(Data for the task)
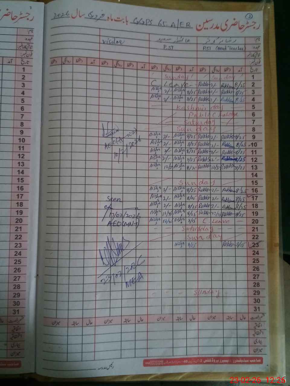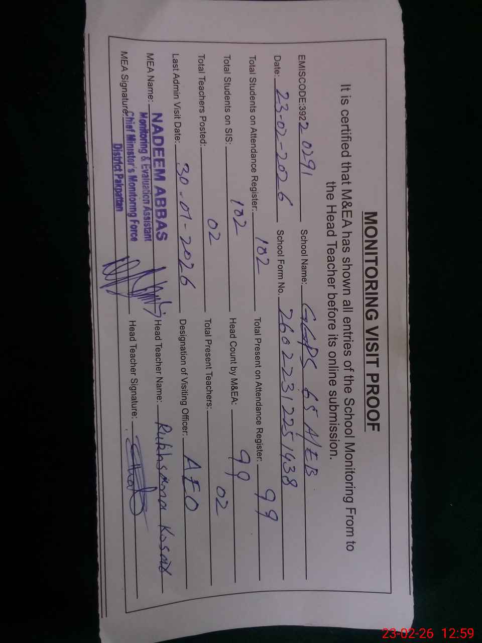 | Attendance Register | Head Teacher | MEA with School | Visit Proof |
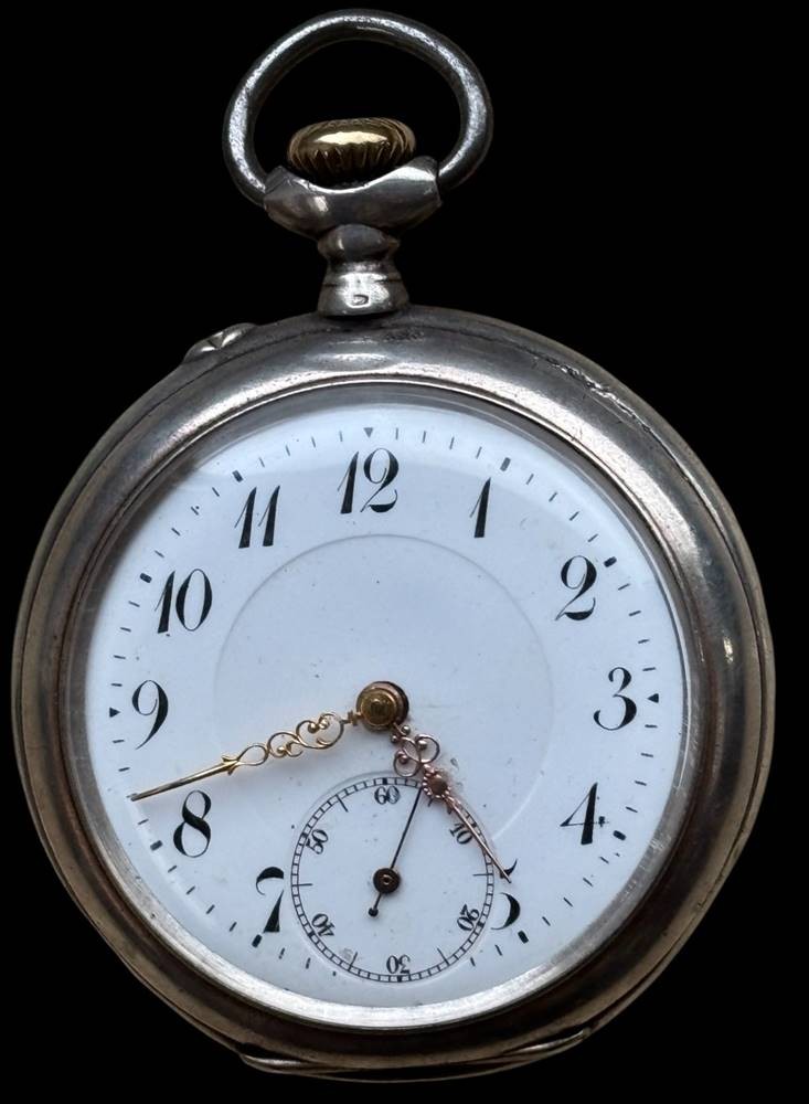mechan. HTU in Silbergehäuse-800- , vergoldete Zeiger, Werk läuft [1]
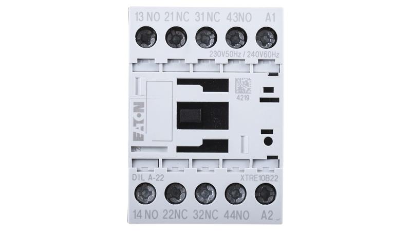Eaton Contactor Overload Relays - DILA Series Industrial Control Relays_x000D_ Eaton's DILA series of overload relays form part of the xStart range and come in three basic versions with the following contact types, 4NO, 3NO/1NC, 2NO/2NC. They come with 2-pole and 4-pole top-mounting auxiliary contacts and the modular design mean they can be expanded to up to eight contacts in total. These overload relays are ideally suited for use as coupling or interface contactors, especially if used to control large contactors directly from a PLC._x000D_ The DILA auxiliary contactors are the ideal companion for the DILM motor contactors, their auxiliary contacts are specifically designed for the contactor relays ensuring safe detection. If the associated system components are used, they can easily handle a wide range of electrical automation and control tasks._x000D_ All of Eaton’s DILA series overloads are reliable and high in quality offering motor control and circuit protection within a multitude of environments. Eaton offer a wide range of reliable contactor overload relays to protect machinery from overheating, keeping your business and its operations accessible._x000D_ Eaton's devices are compliant with the ErP directive meaning it's energy efficient options provide the potential for very significant savings in operational costs and will help you use energy in a more reliable, efficient, safe and sustainable way._x000D_ Features and Benefits_x000D_ • 4A Current Rating_x000D_ • Up to 415 V ac Contact Voltage Rating_x000D_ • 4NO, 3NO/1NC and 2NO/2NC contact versions available_x000D_ • Can be expanded to up to eight contacts_x000D_ • All contacts are interlocked and opposing_x000D_ • Screw terminal_x000D_ Note: DILA -22 Contactor relay cannot be used with 4-pole auxiliary contact module._x000D_ Note_x000D_ Eaton formerly known as Moeller
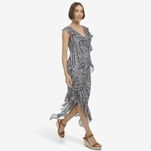 Tommy Hilfiger Women's Dress High-Low, Sky Captain/Ivory, 12
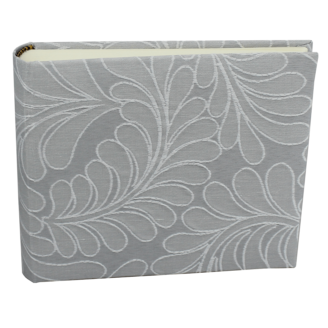 Das Fotoalbum Zara Grau im Querformat besticht durch seinen aufwendig gewebten Stoffeinband. Ein raffiniertes Webmuster aus grauen und cremefarbenen Fäden bildet ein elegantes Muster aus Blattranken.
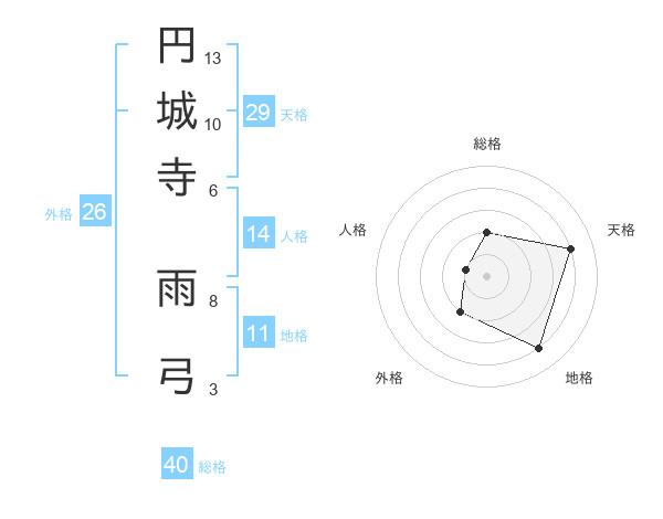 円城寺 雨弓さんを姓名の画数から五運を鑑定
(End Data for the task)
- **What you will do**:
Exclude the pictures from the copy. Retype exactly the lines running from the one containing "Das Fotoalbum Zara" through the last line of the listing.

- **Written response**:
 Das Fotoalbum Zara Grau im Querformat besticht durch seinen aufwendig gewebten Stoffeinband. Ein raffiniertes Webmuster aus grauen und cremefarbenen Fäden bildet ein elegantes Muster aus Blattranken.
 円城寺 雨弓さんを姓名の画数から五運を鑑定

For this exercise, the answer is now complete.